Segment Start: Given information
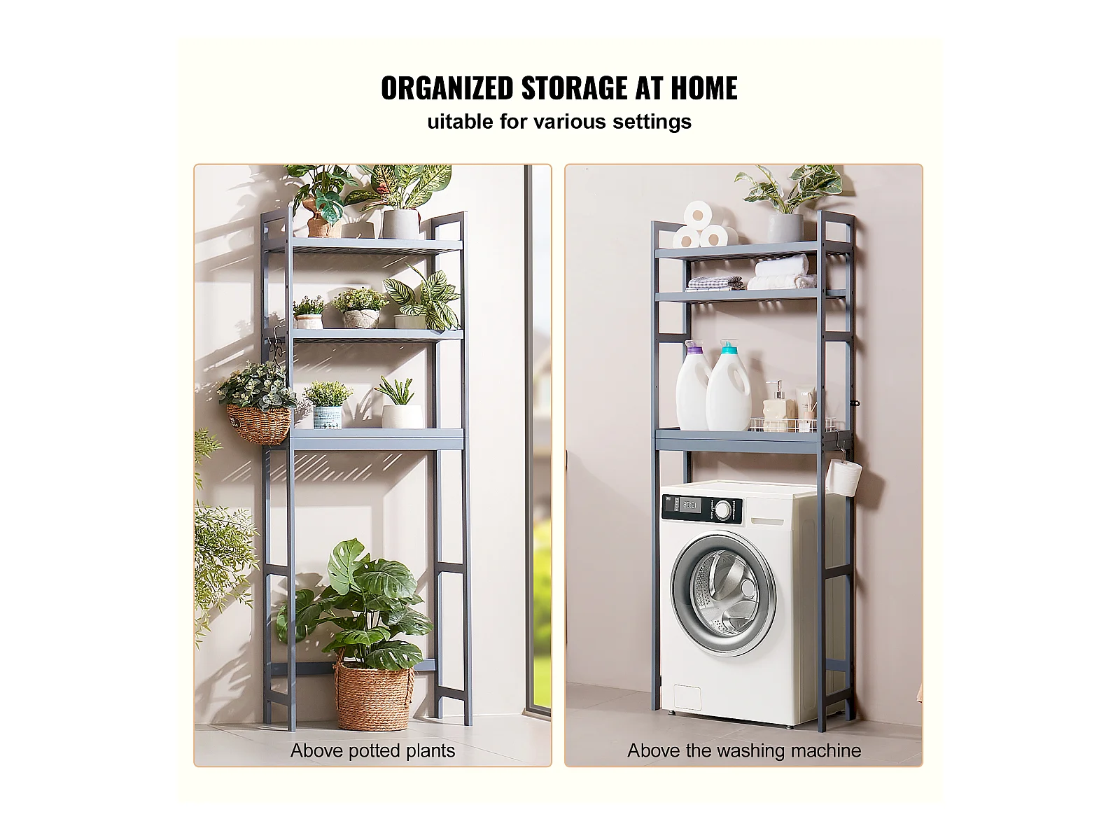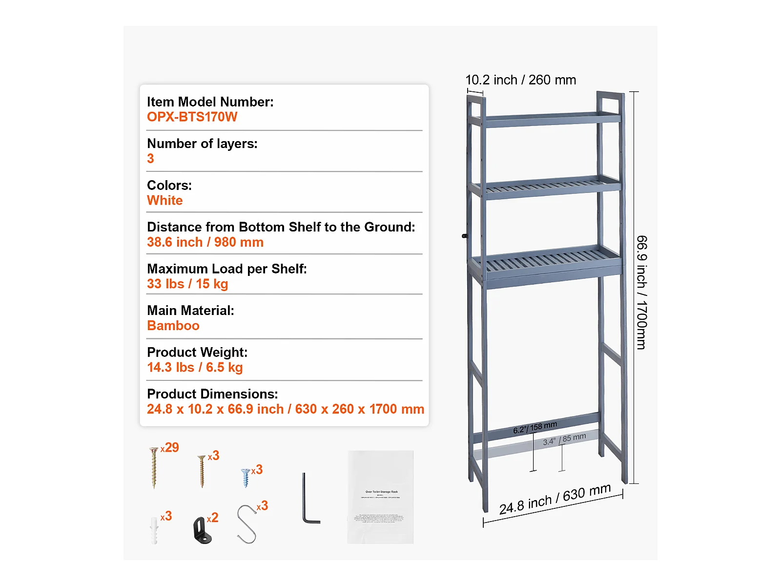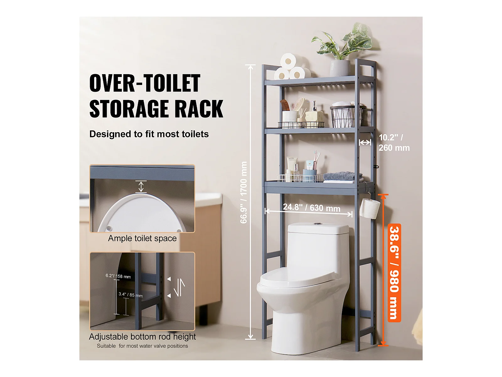 Étagère Wc Meuble SucceBuy Étagère de Rangement à 3 Niveaux pour Toilettes, Organisateur réglable en Bambou avec Crochets, Gris
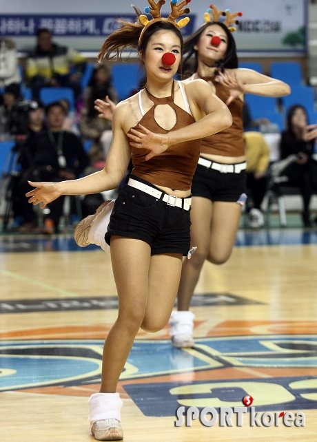 `2011-2012 KB 국민카드 프로농구` 전주 KCC 이지스와 서울 삼성 썬더스의 경기가 22일 오후 전주 실내체육관에서 열렸다. 경기에 앞서 KCC 치어리더들이 멋진 오프닝 공연을 펼치고 있다.
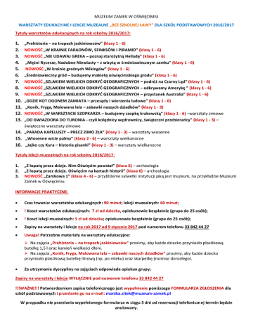 MUZEUM ZAMEK W OŚWIĘCIMIU WARSZTATY EDUKACYJNE I LEKCJE MUZEALNE „BEZ SZKOLNEJ ŁAWY” DLA SZKÓŁ PODSTAWOWYCH 2016/2017 Tytuły warsztatów edukacyjnych na rok szkolny 2016/2017: 1. 2. 3. 4. 5. 6. 7. 8. 9. 10. 11. 12. 13. „Prehistoria – na tropach jaskiniowców” (klasy 1 - 6) NOWOŚĆ „W KRAINIE FARAONÓW, SFINKSÓW I PIRAMID” (klasy 1 - 6) NOWOŚĆ „NIE UDAWAJ GREKA – poznaj starożytną Helladę” (klasy 1 - 6) „Mężni Rycerze, Nadobne Niewiasty – z wizytą w średniowiecznym zamku” (klasy 1 - 6) NOWOŚĆ „W krainie groźnych Wikingów” (klasy 1 - 6) „Średniowieczny gród – budujemy makietę oświęcimskiego grodu” (klasy 1 - 6) NOWOŚĆ „SZLAKIEM WIELKICH ODKRYĆ GEOGRAFICZNYCH – podróż na Czarny Ląd” (klasy 1 - 6) NOWOŚĆ „SZLAKIEM WIELKICH ODKRYĆ GEOGRAFICZNYCH – odkrywamy Amerykę ” (klasy 1 - 6) NOWOŚĆ „SZLAKIEM WIELKICH ODKRYĆ GEOGRAFICZNYCH – przystanek Australia” (klasy 1 - 6) „GDZIE KOT OGONEM ZAMIATA – przesądy i wierzenia ludowe” (klasy 1 - 6) „Konik, Fryga, Malowana lala – zabawki naszych dziadków” (klasy 1 - 3) NOWOŚĆ „W WARSZTACIE SZOPKARZA – budujemy szopkę krakowską” (klasy 1 - 6) –warsztaty zimowe „OD GWIAZDORA DO TURONIA - czyli kolędnicy wędrownicy, świąteczni przebierańcy” (klasy 1 - 3) – świąteczne warsztaty zimowe 14. „PARADA KAPELUSZY – PRECZ ZIMO ZŁA” (klasy 1 - 3) – warsztaty wiosenne 15. „Wiosenne wicie palmy” (klasy 2 - 6) – warsztaty wielkanocne 16. „Jajko czy Kura – historia pisanki” (klasy 1 - 3) – warsztaty wielkanocne Tytuły lekcji muzealnych na rok szkolny 2016/2017: 1. 2. 3. „Z łopatą przez dzieje. Nim Oświęcim powstał” (klasa 6) – archeologia „Z łopatą przez dzieje. Oświęcim na kartach historii” (klasa 6) – archeologia NOWOŚĆ „Zamkowa 1” (klasa 4 - 6) – przybliżenie sylwetki instytucji jaką jest muzeum, na przykładzie Muzeum Zamek w Oświęcimiu. INFORMACJE PRAKTYCZNE: Czas trwania: warsztatów edukacyjnych: 90 minut; lekcji muzealnych: 60 minut; ! Koszt warsztatów edukacyjnych: 7 zł od dziecka, opiekunowie bezpłatnie (grupa do 25 osób); ! Koszt lekcji muzealnych: 5 zł od dziecka; opiekunowie bezpłatnie (grupa do 25 osób); Zapisy na warsztaty i lekcje na rok 2017 od 9 stycznia 2017 pod numerem telefonu 33 842 44 27 Uwaga! Potrzebne materiały na warsztaty edukacyjne: Na zajęcia „Prehistoria – na tropach jaskiniowców” prosimy, aby każde dziecko przyniosło plastikową butelkę 1,5 l oraz kamień wielkości dłoni. Na zajęcia „Konik, Fryga, Malowana lala – zabawki naszych dziadków” prosimy, aby każde dziecko przyniosło plastikową butelkę litrową (np. po mleku) oraz skarpetkę (rozmiar dorosłego). Za utrzymanie dyscypliny na zajęciach odpowiada opiekun grupy; Zapisy na warsztaty i lekcje WYŁĄCZNIE pod numerem telefonu 33 842 44 27 !!!WAŻNE!!! Potwierdzeniem zapisu telefonicznego jest wypełnienie poniższego FORMULARZA ZGŁOSZENIA dla szkół podstawowych i przesłanie go na e-mail: [email protected] W przypadku nie przesłania wypełnionego formularza w ciągu 5 dni od rezerwacji telefonicznej termin będzie anulowany. FORMULARZ ZGŁOSZENIA GRUPY NA WARSZTATY EDUKACYJNE/ LEKCJE MUZEALNE DLA SZKÓŁ PODSTAWOWYCH 2016/2017 Lp. Dane potrzebne do zapisu grupy na warsztaty/lekcje 1 Nazwa szkoły 2 Imię i nazwisko nauczyciela 3 Tel. kontaktowy 4 Tytuł wybranych warsztatów/lekcji 5 Dzień i godzina przeprowadzenia zajęć w Muzeum (Uzgodniony telefonicznie!!!) 6 Klasa 7 Liczba uczniów w klasie 8 Uwagi
Segment End: Given information
All lines from the beginning of the material above through the line holding "공연을 펼치고 있다." are to be given again exactly, and no others; pictures do not go in.

## Problem solution:
 Étagère Wc Meuble SucceBuy Étagère de Rangement à 3 Niveaux pour Toilettes, Organisateur réglable en Bambou avec Crochets, Gris
 `2011-2012 KB 국민카드 프로농구` 전주 KCC 이지스와 서울 삼성 썬더스의 경기가 22일 오후 전주 실내체육관에서 열렸다. 경기에 앞서 KCC 치어리더들이 멋진 오프닝 공연을 펼치고 있다.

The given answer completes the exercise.